A study published in Nature, from a team headed by CalTech chemical engineering professor Mark Davis (right), proves a method for RNA Interference, using tiny bits of RNA injected into the blood, which interfered with the reproduction of tumor cells.
There is tremendous excitement over “game-changing” therapies for cancer, Parkinson’s, and chronic pain.
As always there is also a compelling back story.
Davis began his work after watching his wife nearly die from breast cancer treatments. The work he has just done on humans replicates research that won Andrew Fire and Craig Mello the 2006 Nobel Prize for Medicine.
But the path from discovery to market gets longer under health reform.
As The Scientist notes, the study did not prove the therapy was controlling the cancer. Killing some cancer cells with a novel treatment does not effect a cure. You have to get them all.
Not only that but in most countries, and the U.S. under health reform will gradually become like most countries, you will not only have to prove a therapy works, but that it’s cost-effective compared to other treatments., before it goes into general use.
This is a big hurdle many drugs and devices find hard to jump in Europe. It’s why the U.S. is the leader in developing new therapies.

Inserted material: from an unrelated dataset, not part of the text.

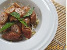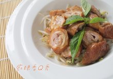 6. 大腸切好擺在綠豆芽上,再淋上滷汁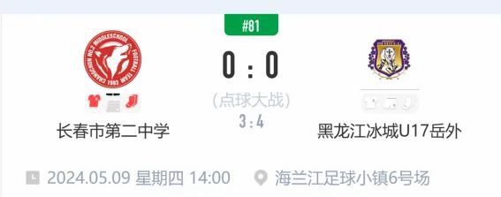 5月9日14:00,在延边赛区海兰江足球小镇6号场,湖南童记三利和食品有限公司赞助的黑龙江冰城U17岳外队,在2024第三届中国青少年足球联赛(男子高中年龄段U17组)北区预选赛中首战告捷,以4:3战胜长春市第二中学队。

Failing to prove comparative effectiveness, new treatments can be used only on patients willing to pay cash. There will be sick rich people looking to this therapy when it’s ready, in about five years. But don’t expect insurance or Medicare to cover it until it proves it’s cost effective.
Experiments are great, and sometimes being a guinea pig pays off. But new treatments will go first to those who can afford the expense and risk of failure, only later to the rest of us.
That’s just the way it has to be. The days of bankrupting the many in the name of curing a few are over.